I tried the face blur in iOS 27. My iPhone offered a new one instead.

Apple added the Clean Up feature with the iOS 18.1 update. Although the main purpose of this feature was to remove unwanted objects from your photos, it can also be used to hide faces in photos. You just rotate the face in the photo, and it will automatically blur it. Apple called it copyright protection.
With the iOS 27 update, Apple has improved the Cleanup feature, and now it can clear even more complex scenes. However, with this improvement comes a caveat. In the first beta, the masking feature does not work. Instead, it does something funny and scary.
What happens when you dim the face in iOS 27?
I discovered this only by accident. I was cleaning up the photo before posting and went to blur the face. I opened the image, selected the Cleanup tool, and rotated the face the way I always had. On the first few attempts, it lied to me.
It tells me that ID protection has been used. But as you can see in the screenshot, the face is clearly visible. So I tried to force his hand. Instead of going around the faces, I painted over them with my finger. That’s when a miracle happened.
Instead of blurring the face or removing it, it creates a brand new face. Yes, it gave the person in the photo a new face, and it did such a convincing job that if I were to share the photo with anyone, they wouldn’t be able to tell that the original face had been replaced by an AI-generated one.

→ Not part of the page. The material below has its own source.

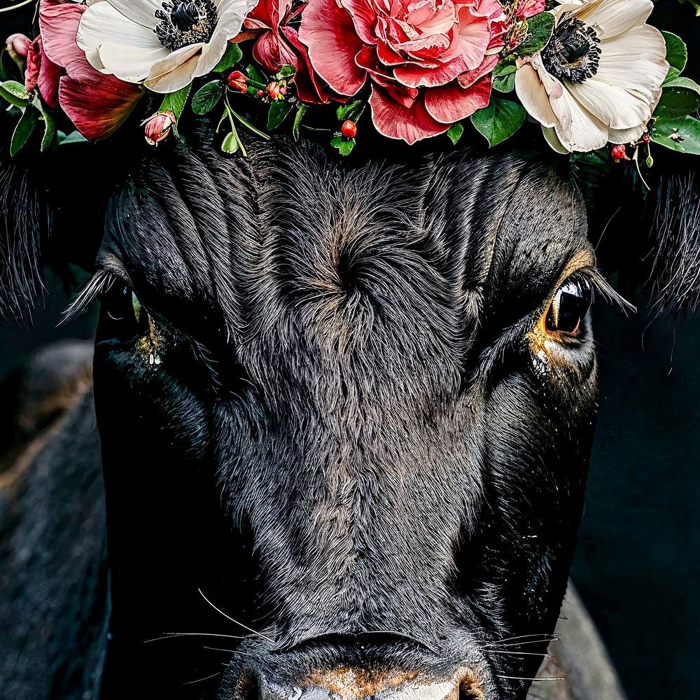 Die Komposition spielt mit Licht und Schatten, wobei die zarten Blüten wie Lichtflecken erscheinen, die die Dunkelheit durchbrechen. Jedes Blütenblatt scheint mit größter Sorgfalt ausgewählt zu sein, um diese lebende Skulptur zu krönen. Die Symmetrie der Hörner und der sanfte Blick des Rindes laden den Betrachter ein, sich in diesem Anblick zu verlieren und die ruhige Kraft, die davon ausgeht, zu spüren.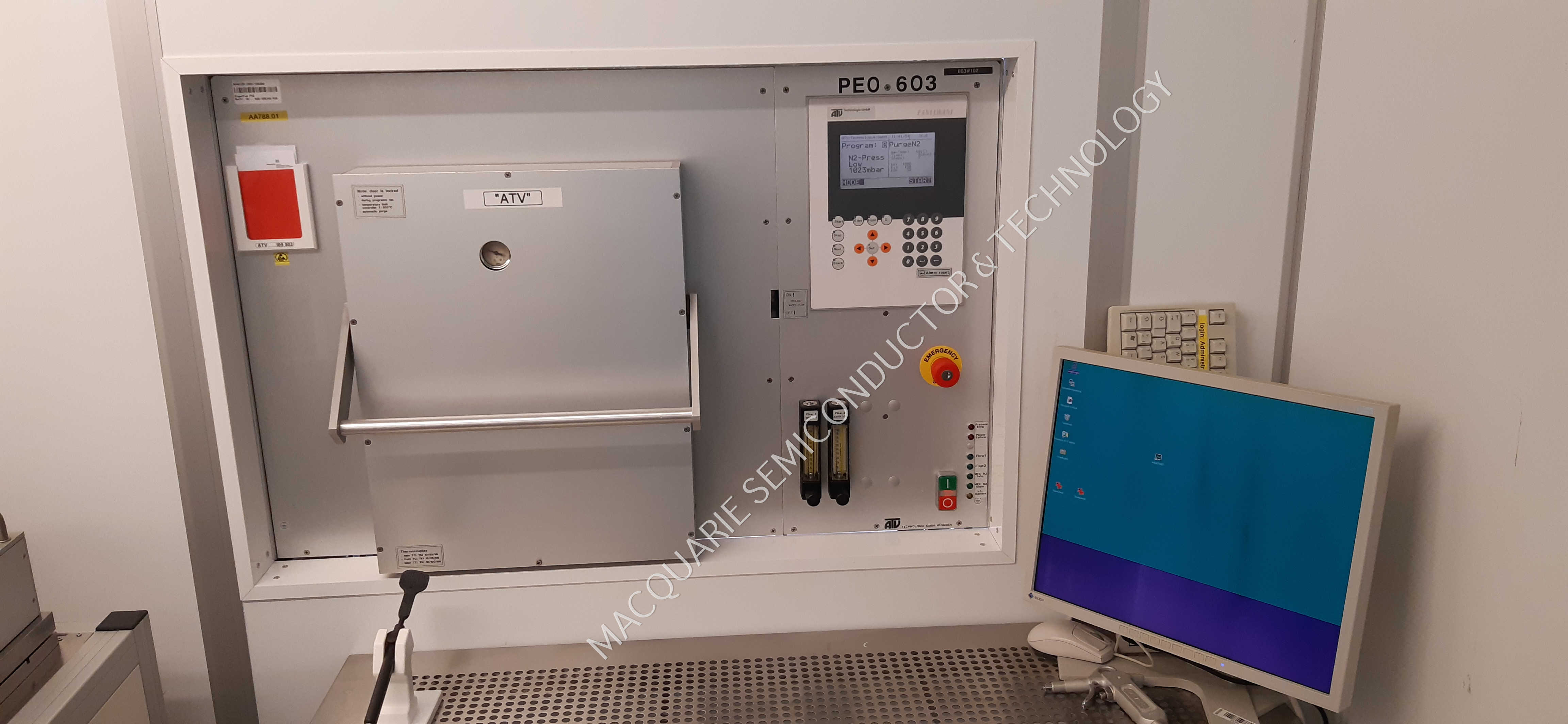 The ATV is a tube furnace that was used for post metal anneal, doping and anneals under N2 or vacuum up to 500°C.

Just to make sure I’m not seeing an unusual event, I tried repeating this with many photos of different people, and the same thing happened every time. If I circle the face, it would lie to me that the face is blurred, and if I paint over it, it will generate a completely new face.

I know this is the developer’s first beta, so bugs are expected, but this is not a bug, but a matter of seeing the AI. I think that since Apple uses Gemini models to train its Apple Foundation models, it also gets its bad parts.
We all know many AI models, including Google Gemini, have a history of speculation, and that’s what’s happening here.
What should you do now?
The good news is that this is the first developer beta, so there’s a real chance Apple will get this out before the public beta hits in July. If you’re relying on this feature to dim faces, my advice is to hold off on the beta and stick with iOS 26 for now, when dimming still works as you’d expect.
If you’re already on iOS 27 and need to hide faces today, your safest bet is to use the old trick of using emoji to hide faces in photos. I sent feedback to Apple through the Feedback app, and I’d encourage you to do the same if you get into this.
The more reports Apple receives in advance, the better the chances of this being fixed before release. A tool that is meant to protect people’s privacy should not be inventing new people instead, and I hope this is one idea Apple comes up with quickly.